The final cog of KNP revolves around community partnerships through programs like Victory Gardens or Tray it Forward. At the heart of both is F.E.E.D. Kearsarge – Food Expansion, Education and Distribution – which connects KNP with Colby Sawyer College,
Spring Ledge Farm and myriad local food pantries. These organizations come together to help combat food insecurity through grassroots food growing.
The Victory Gardens, a term that originated during World War II when Americans were urged to grow their own food to ease the supply chain, started months after KNP was established. Their main purpose was to help manage community food shortages at the outset of the COVID-19 pandemic through cultivation education. Today, there are three Victory Gardens located at food pantries in Warner, Bradford and on the Colby Sawyer campus.
“The
biggest thing is educating people about how easy it is and how cost-effective it can be to grow your own vegetables,” said Andy Jeffrey, a KNP board member and instrumental voice in the organization’s fight against regional food insecurity. “In the fall when there are bountiful harvests that are beyond the capacity of people to pick themselves, we’re able to bring all that excess food to the Kearsarge Food Hub, which in turn distributes them out to the pantries. It’s been a wonderful collaboration.”
Jeffrey also helps orchestrate the Tray It Forward program, where KNP, Spring Ledge Farm and Colby Sawyer College work together to deliver seedling trays to people in the region. They also provide compost and instructions on how to plant the seedlings to ensure a
quality return.
“This year was our third year and we distributed 400 trays of vegetable seedlings to people within our region with food security issues,” he said. “Each tray contained 24 vegetable seedlings that were fully sown and ready to be planted, which all was done by Greg Berger up at Spring Ledge.”
One of KNP’s newer programs, Kars for Kearsarge, started this past October after advocates saw a consistent need for transportation among neighbors. It sees KNP partner with KREM and other community members to help give neighbors a vehicle.
“If individuals can get a car, it makes them much more able to stay employed and so many other things,” said coordinator Becky Rockwell. “To have that sense of independence. To not have to depend on people to go get groceries. Things like that.”
So far, Kars for Kearsarge has provided five cars to the community through donations. The work isn’t over once the car is delivered, though. Advocates will remain in touch with the recipient to make sure that it’s enhancing their life rather than becoming another burden.

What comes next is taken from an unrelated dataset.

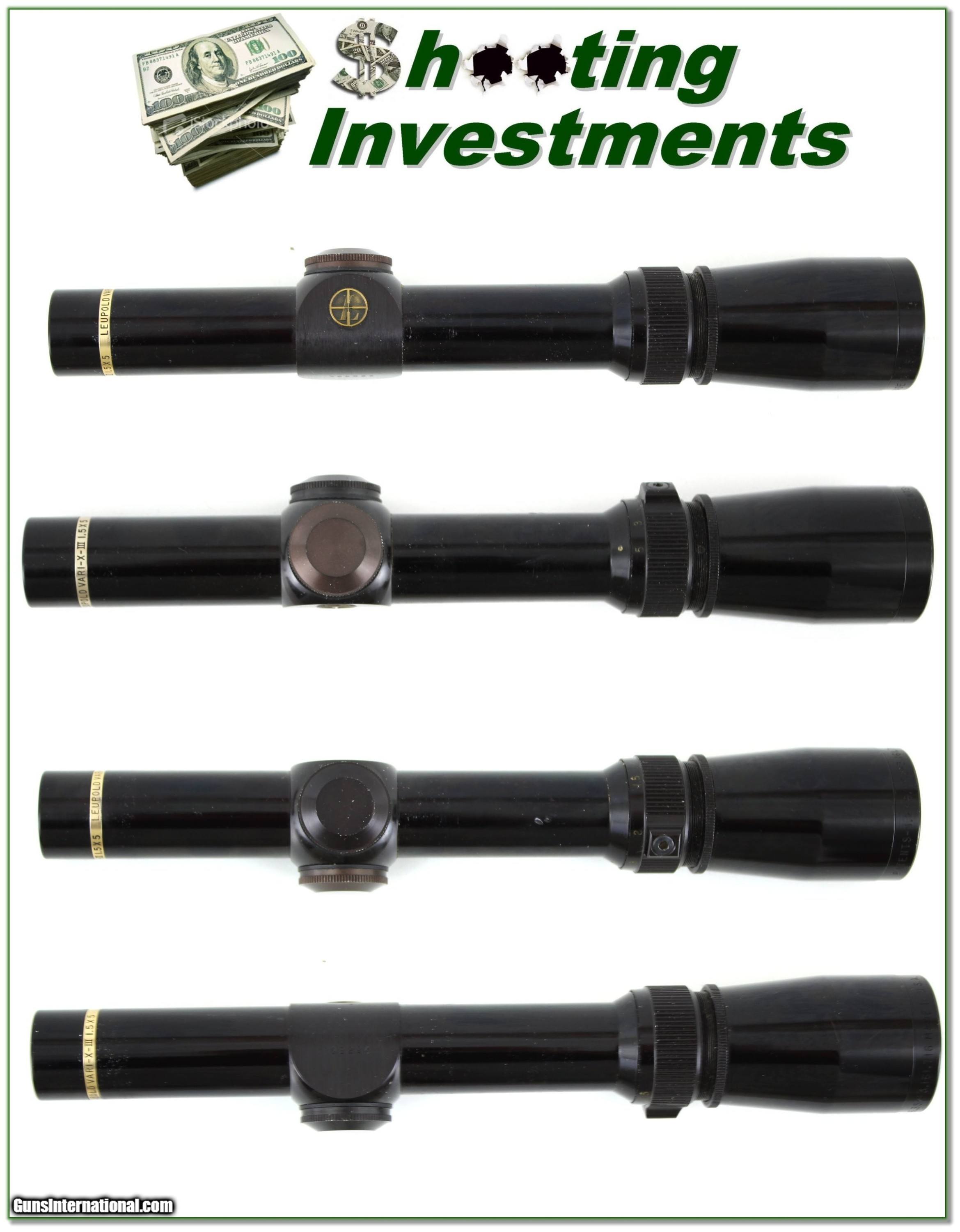 Description: This is a top of the line Leupold Vari-X III in 1.5 X 5 power. It is the harder to find GLOSS and is in excellent condition. The optics are crystal clear with duplex crosshair. I find just a couple ring scuffs that should be covered when mounted. Shipping is $14.95. Please email me with any questions or larger pictures. (Consign your quality firearms with Shooting Investments for only 12%! Let me know if you have any you would like to sell!) 20-0662s Payment: Payment is by Money Order, Cashiers Check or Personal Check. I can now also accept Credit Cards (MasterCard, Visa, Discover & American Express) with a 3% convenience fee. Shipping: The shipping charge will be listed in each description. It is $39 for most firearms. Some heavy guns or those insured for over $2000 will be higher. Shipments to Alaska and Hawaii are higher because air shipment is required. Most firearms are shipped on Tuesday and Thursday and usually in 5 days of receipt of payment. We package all shipments carefully and insure them. Optics are shipped Priority Mail and most other non-firearm shipments are shipped First Class. Returns: Our return policy is simple. If for any reason you are not pleased with your purchase, you may return your item for a full refund of purchase price. Ammunition cannot be returned. It is important to us that you are happy. Guns cannot be fired or dissembled before returning them and they must be returned in the same condition as received. Notification of a return must occur with-in 3 days of receipt at your dealer. Shipping, convenience and dealer fees are not refundable and are the responsibility of the buyer. Lay-a-way: If needed, we offer a 60 day lay-a-way option on most firearms. It is 1/3 now, 1/3 in 30 days and 1/3 in 60 days. Lay-a-way firearm sales are final and if not completed the first payment cannot be returned. Consigning your firearms with Shooting Investments: We will help you get top dollar for your firearms. While most local guns shops charge 20% or more, our fee is only 12% with a minimum of $75. At your local gun shop it might take months to sell. Selling on-line provides instant access to thousands of interested buyers. You won’t find any other on-line dealer willing to sell your firearms for only 12% or listing every gun on 3 separate s. Selling through an House typically costs the seller 15% and the buyer an addition 15% (so 30%) and you have to wait several months to sell and longer to receive funds. If properly priced, we will sell your firearms in a few weeks. Send us an email or give us a call and we’ll explain how easy it is for you to get top dollar. Trading: Trading for use is really just buying your gun to re-sell. If you have a gun you want to trade, please email a picture and we will let you know what we can give or it. You will always get more if we sell it for you on consignment. Help for California Buyers: We are happy to ship to California. It is the buyer’s responsibility to make sure any item you buy is legal in your state. We are also happy to help with your purchase of a firearm from someone other than us. If you see a gun you would like to buy but the seller can’t or won’t ship to California they can ship to use and we’ll then ship it to your California dealer. The cost for this service is only $30 + shipping. Let us know if we can help! SOLD |

“We maintain contact with them because we definitely want the car to be a blessing and we don’t want it to be a negative in their life,” Rockwell said. “Like ‘oh my gosh, I can’t afford the gas. oh my gosh, I need to have an oil change’ or whatever. We want to make sure that their situation is such that a car would be a positive in their life.”
KNP’s future may lie in housing projects and other initiatives, but the end goal is simple: stopping.
“My idea of success is that so many connections are created in the community that we’re not needed anymore. I’d be thrilled if we weren’t needed and we just went away because everybody’s talking and connecting and caring about each other,” said Allenby. “I think in our vision we said that we want a community where people have spiritual, relational and financial or material wholeness. That’s the goal.”